In European equities on Tuesday, the CAC 40 in Paris closed up 1.3%, while the DAX 40 in Frankfurt advanced 0.5%.
In New York, the Dow Jones Industrial Average was up 0.5% at around the time of the London close.
The S&P 500 index was 0.2% lower, while the Nasdaq Composite declined 0.6%.
The yield on the US 10-year Treasury was at 4.12%, widened from 4.11% on Monday. The yield on the US 30-year Treasury was quoted at 4.71%, stretched from 4.70%.
On the FTSE 100, rate cut hopes lifted housebuilders Berkeley Group Holdings, Barratt Redrow and Persimmon, up 3.4%, 3.1% and 2.0% respectively.

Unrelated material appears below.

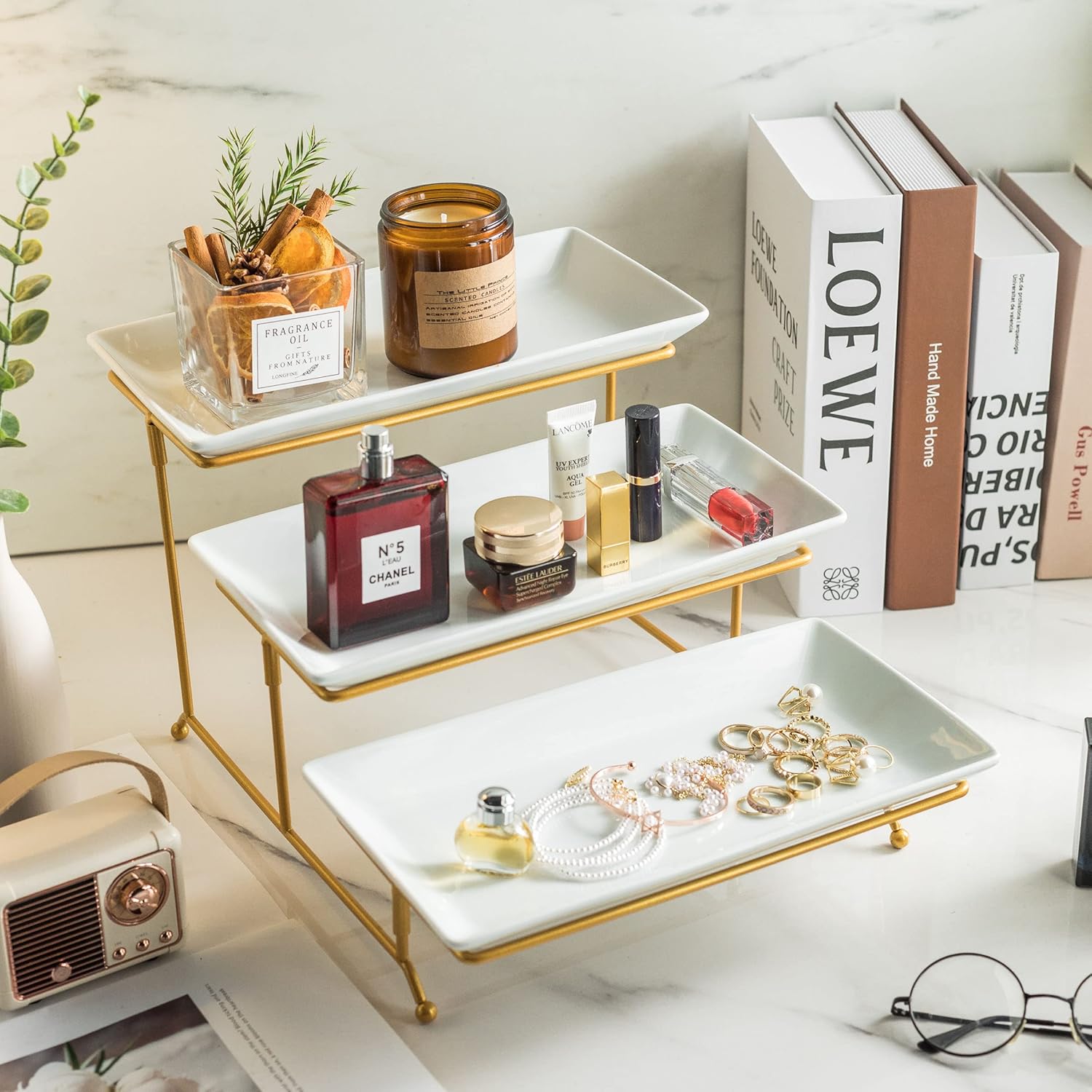 - Kitchen Must-have: 3 tier serving stand consists of three 11.69"×6.18" ceramic serving platters and a gold metal stand. The serving tray can be used as a three-tier table display stand, or the platters can be used alone as serving dishes. This tiered serving stand is sure to become a staple in your kitchen

Vodafone was the top blue-chip performer, up 8.3%, after announcing plans for its first dividend increase in seven years, a EUR500 million share buyback and a return to growth in its key German market.
"Whilst we have more to do, we delivered good strategic progress in the half year, driving further operational improvements across the business, expanding our customer satisfaction initiatives, and making a fast start in integrating the Vodafone and Three networks in the UK," said Chief Executive Margherita Della Valle.
Adjusted earnings before interest, tax, depreciation and amortisation and leases rose 5.9% to EUR5.73 billion from EUR5.41 billion, 2.1% ahead of Visible Alpha consensus, supported by growth in the UK, Turkey and Africa, and a return to top-line growth in Germany.
Service revenue grew by 8.1% to EUR16.33 from EUR15.11 billion the year prior, and increased by 5.7% on an organic basis.
"For years, Vodafone has been a stock market zombie flailing around with little apparent purpose but the transformation programme being delivered by CEO Margherita Della Valle has injected new life into the business," AJ Bell investment director Russ Mould said.
But retailers were on the back foot as data showed annual retail sales growth slowed in October as shoppers held off major spending ahead of the government's budget and the Black Friday sales period.
Data from the British Retail Consortium and KPMG showed annual total retail sales growth eased to 1.6% in October from 2.3% in September, though still above the 0.6% pace seen a year earlier.
Food sales growth decelerated to 3.5% in October from 4.3% in September, while non-food categories saw weaker demand as consumer confidence remained fragile.
Separate figures from Worldpanel showed grocery price inflation slowed to 4.7% in October, from 5.3% in September, as retailers rolled out discounts and Christmas deals.
Food retailers Tesco and J Sainsbury fell 2.9% and 2.0% respectively while Marks & Spencer slipped 4.6%.
Elsewhere Croda fell 0.8% as Jefferies downgraded to 'hold' from 'buy' and Goldman Sachs issued a 'sell' note.
On the FTSE 250, 4Imprint soared 18% as it set annual targets at the upper end of company-cited forecasts.
Pretax profit target is expected at a minimum of USD142 million, which 4imprint said was "above the upper end" of consensus.
But Hilton Food plummeted 23% after it said earnings in 2025 will be lower than market expectations and that it expects "profit progression in the next financial year to be difficult".
The Huntingdon, England-based food packaging company said its UK seafood division continues to be hurt by softer white-fish demand, driven by ongoing high raw material inflation and cautious consumer spending.
Gold traded higher at USD4,108.75 an ounce on Tuesday against USD4,091.42 on Monday.
Brent oil was quoted higher at USD65.19 a barrel at the time of the London equities close on Tuesday, from USD63.45 late Monday.
The biggest risers on the FTSE 100 were Vodafone, up 7.40 pence at 96.32p, WPP, up 16.10p at 303.00p, Berkeley Group, up 136.00p at 4,108.00p, Haleon, up 11.50p at 374.60p and Barratt Redrow, up 12.00p at 400.60p.
The biggest fallers on the FTSE 100 were Marks & Spencer, down 17.80p at 372.20p, Auto Trader, down 21.60p at 729.40p, Tesco, down 13.70p at 461.90p, 3i Group, down 91.00p at 4,211.00p, and J Sainsbury, down 7.00p at 344.00p.
Wednesday's global economic calendar has UK GDP, trade and industrial production data.
Wednesday's UK corporate calendar has half-year from credit checker Experian and electricity generator SSE, third quarter results from betting operator Flutter Entertainment and a trading update from housebuilder Taylor Wimpey.